Éditions Amsterdam, 2024, 272 pages, 19 euros.
L’auteur est sociologue et politisé. C’est en scientifique qu’il aborde le sujet, en s’appuyant sur des études et sur de nombreux écrits d’autres analystes. Pour se trouver sur de bonnes bases, pour bien se comprendre ou le mieux possible, il commence par définir les termes de « classes populaires », de « quartiers populaires » ou encore « ghetto ». Et puis, il s’aventure dans la « cité » ou, comme c’est nommé par les politiques institutionnelles, dans les « quartiers prioritaires de la villes », anciennement « zones urbaines sensibles ».
Pauvreté, précarité et manque de services publics
Qu’en est-il des a priori, des préjugés ou de nos certitudes sur ce que sont ces quartiers, sur les populations qui y vivent, sur leur histoire aussi depuis le milieu du 20e siècle, sur leur évolution au fil des années de crises économique et sociale ? Ainsi, on en apprend sur la mobilité ou pas des habitantEs, comparée aux quartiers en général, sur ce qui caractérise ces quartiers, sur leur niveau de violence (délinquance, criminelle, violence de genre…), finalement pas si différent du reste de la ville, avec des chiffres à l’appui.
Ce qui ressort, c’est la réalité de la pauvreté, des souffrances sociales liées à la précarité et à l’absence de services publics.
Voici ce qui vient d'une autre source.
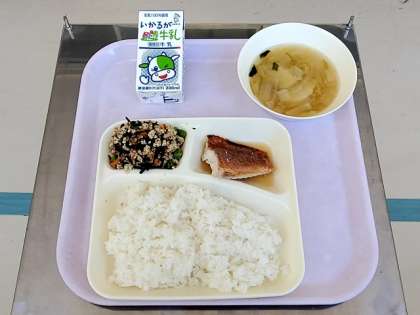 今日の給食の献立は「あかうおのしょうゆだれかけ」「うすくず汁」です。

C’est aussi la réalité de l’oppression raciste, des violences d’une société profondément injuste, de cette République qui méprise et rejette ces populations fragilisées.
Coopération et solidarité
Mais tout ne se résume pas aux difficultés. Car nous sommes très loin du monde décrit par le pouvoir ou par les conservateurs, vision souvent amplifiée par les médias dominants. Une propagande qui tente et réussit aussi à invisibiliser la réalité des inégalités, des rapports d’oppressions et les violences qui leur sont liées. En effet, la société est bien structurée profondément par une ségrégation de classe, une ségrégation scolaire de résidence, une ségrégation raciale, si la jeunesse notamment immigrée ou d’origine immigrée subit bien les violences répressives de la police et de la justice (cet ordre si cher aux Retailleau-Darmanin), il n’y a pas de coupure entre les quartiers populaires et le reste de la société, comme il n’y a pas il n’y a pas de territoire. Alors même si ces quartiers (en agglomération comme dans des villes moyennes ou petites) connaissent un niveau de vie plus difficile, cela n’empêche qu’ils restent évidemment des lieux de vie, avec leurs interactions de voisinages, leurs coopérations, avec leurs solidarités.
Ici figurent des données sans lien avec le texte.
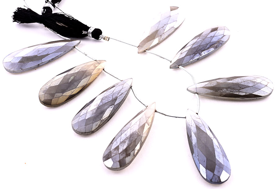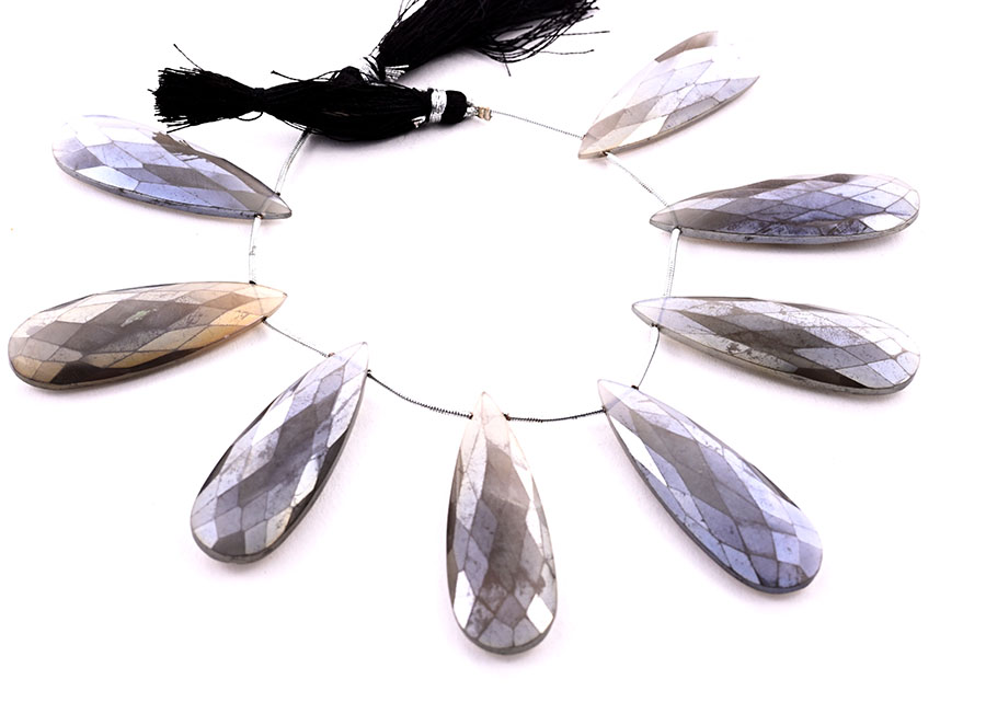 Gray Moonstone Coated 15x45mm Faceted Pear

Critique des politiques mises en place
Dans la perspective d’améliorer la situation et surtout de permettre aux classes populaires de s’en sortir, l’auteur en vient à critiquer les politiques mises en place (programmes de rénovations urbaines, de développement de la « mixité sociale », de repeuplement) qui, en s’attaquant à la concentration de pauvreté (concept de la classe dangereuse) et non pas à la pauvreté elle-même et à ses causes, ne changent rien au final. Les solutions envisagées sont les luttes contre les injustices et inégalités sociales, les luttes antiracistes, pour un renforcement des services publics, une redistribution des richesses, l’élaboration d’une démocratie pour les habitantEs en leur donnant la possibilité de gérer leurs vies de quartiers, de renforcer les structures solidaires en autogestion.
Au bout du livre, en dévoilant les études et les chiffres, Pierre Gilbert nous permet d’avoir une réflexion plus poussée et une appréhension des difficultés ou des perspectives plus fines. Car même quand nous ne partageons pas les préjugés réactionnaires (mépris de classe ou raciste…) – surtout pas – nous nous apercevons que nous avons toujours un peu quelque part, parfois une vision simpliste ou caricaturale de la réalité, parfois des ignorances dont on prend conscience. Il est vrai que la propagande des classes dominantes, la pression énorme des idéologies xénophobes pèse dans la société, au fil des décennies de politiques ultralibérales. Donc un livre-outil très utile, pour comprendre et pour agir plus efficacement par les temps qui courent.